Volunteers are screened and trained in the program before heading to shelters, child care facilities, summer schools, and temporary class locations to bring the lessons to the students. When other disasters devastated other communities in the nation, Art Feeds moved quickly to extend their support. They’ve provided curricula and thousands of art supply packs to students affected by tornados in Oklahoma, as well as flooding in Colorado and in New Jersey. They have also partnered with Touch a Life foundation to reach out to students in Ghana. 

In the communities where Art Feeds distributed this therapeutic art curriculum, the response further revealed a necessity for art programs in schools. Moore, OK has a public school system where, out of 24 elementary schools with approximately 11,000 students enrolled, only 10 had faculty whose primary job and focus was to teach visual arts in the classroom. Neither school affected in the 2013 tornado had an established art specialist, and therefore no formal art program.

However, Art Feeds did not come into the schools because there was a need for art in the classroom; rather, there was a need for healing. Their mission statement reads, “Art Feeds believes all children are artists. We exist to feed creative development and facilitate emotional expression in children through art and community.

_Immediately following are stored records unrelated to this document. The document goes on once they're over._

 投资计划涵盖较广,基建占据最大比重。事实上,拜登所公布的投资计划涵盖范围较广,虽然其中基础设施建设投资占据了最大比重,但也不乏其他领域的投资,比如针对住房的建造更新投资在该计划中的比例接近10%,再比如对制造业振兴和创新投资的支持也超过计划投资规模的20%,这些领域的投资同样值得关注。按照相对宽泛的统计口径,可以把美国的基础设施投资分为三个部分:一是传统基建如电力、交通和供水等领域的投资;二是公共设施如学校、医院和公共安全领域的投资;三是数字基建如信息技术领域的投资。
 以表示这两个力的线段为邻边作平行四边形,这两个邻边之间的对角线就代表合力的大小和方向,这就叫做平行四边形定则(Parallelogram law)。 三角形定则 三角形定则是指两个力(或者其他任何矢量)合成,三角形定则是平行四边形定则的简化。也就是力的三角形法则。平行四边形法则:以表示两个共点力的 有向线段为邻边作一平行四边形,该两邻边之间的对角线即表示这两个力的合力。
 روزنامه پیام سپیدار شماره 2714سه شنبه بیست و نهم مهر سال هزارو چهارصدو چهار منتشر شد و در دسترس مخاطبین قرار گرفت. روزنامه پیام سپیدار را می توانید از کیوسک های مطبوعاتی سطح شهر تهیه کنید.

To do this, we provide free therapeutic art and creative education programs within schools & children’s organizations by mobilizing teams of community members to bring all forms of art into classrooms.”

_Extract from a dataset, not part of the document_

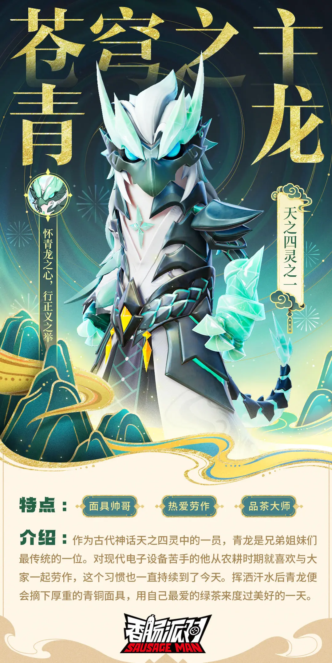 【SS13爆料】苍穹之主-青龙:热爱种田的传统帅哥香肠派对 - 新闻星发布于 2023-12-26关注作为圣兽中出场最多的中坚力量,圣兽青龙其实非常单纯,为了防止脸太好看而被敌人轻视,青龙戴上了威严的青铜面具,隐藏起了他的帅气面貌。从远古的蛮荒时期到今日的繁华盛世,青龙一直热爱劳作,他经常变身成为肠肠与大家一起种田,在农作物收获过后,青龙会邀请伙伴们品上一杯自己亲自沏泡的绿茶,用清香为劳作画上圆满的句号。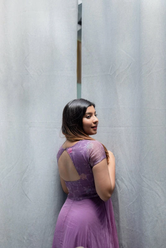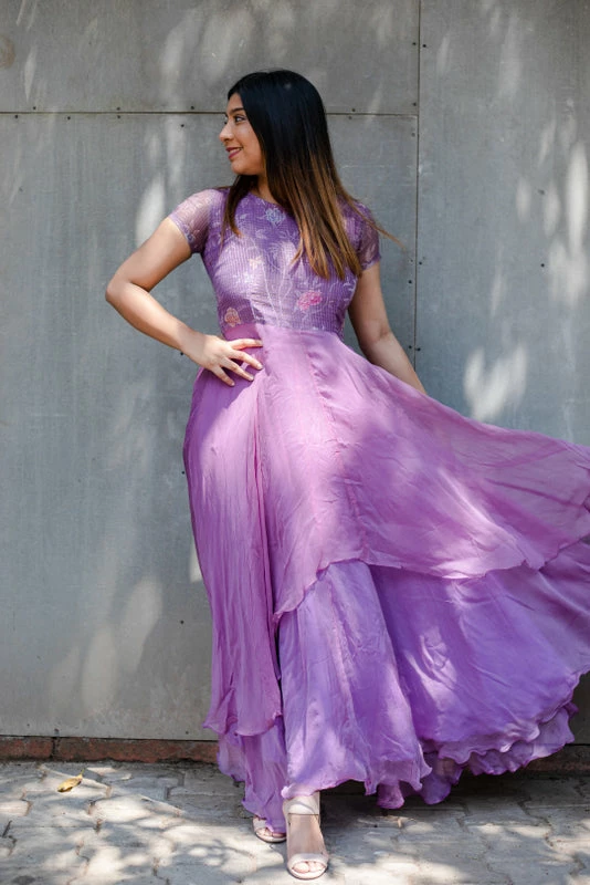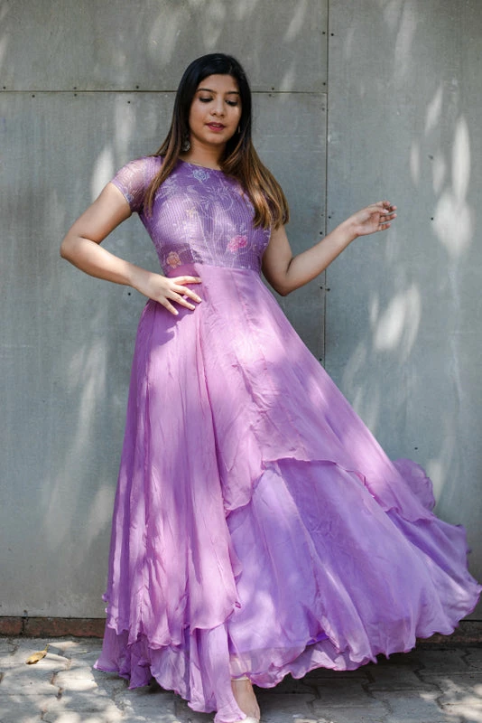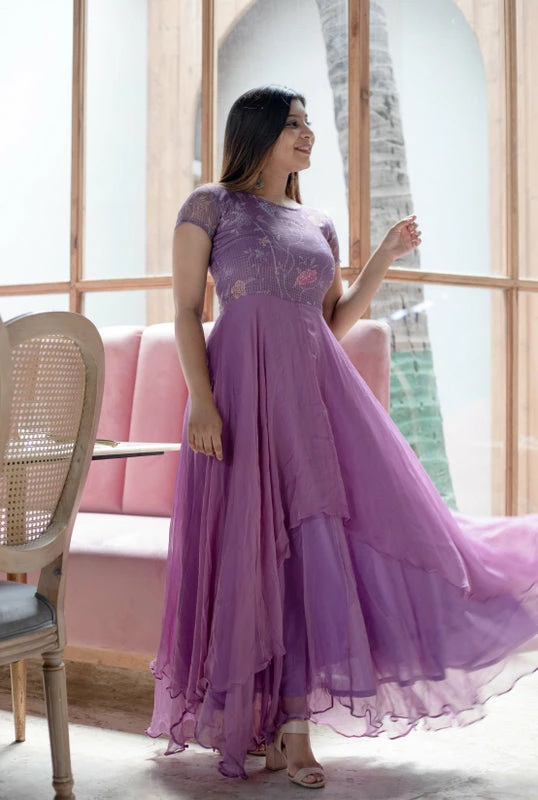 Pretty Lavender double layered flowy georgette fit and flare dress with floral kota yoke. Lining provided

This small organization has reached over 24,000 children with their resources, and continues to grow. Bourne-Hulsey began with a single student in need and has since reached tens of thousands more through art. Perhaps nothing speaks to their impact more than the numbers. Schools with Art Feeds programs boast a 100 percent return rate. They also report that 90 percent of their teachers say that the program is valuable in decreasing fear, stress, and anxiety; and 86 percent of students reported loving Art Feeds programming more than recess and lunch.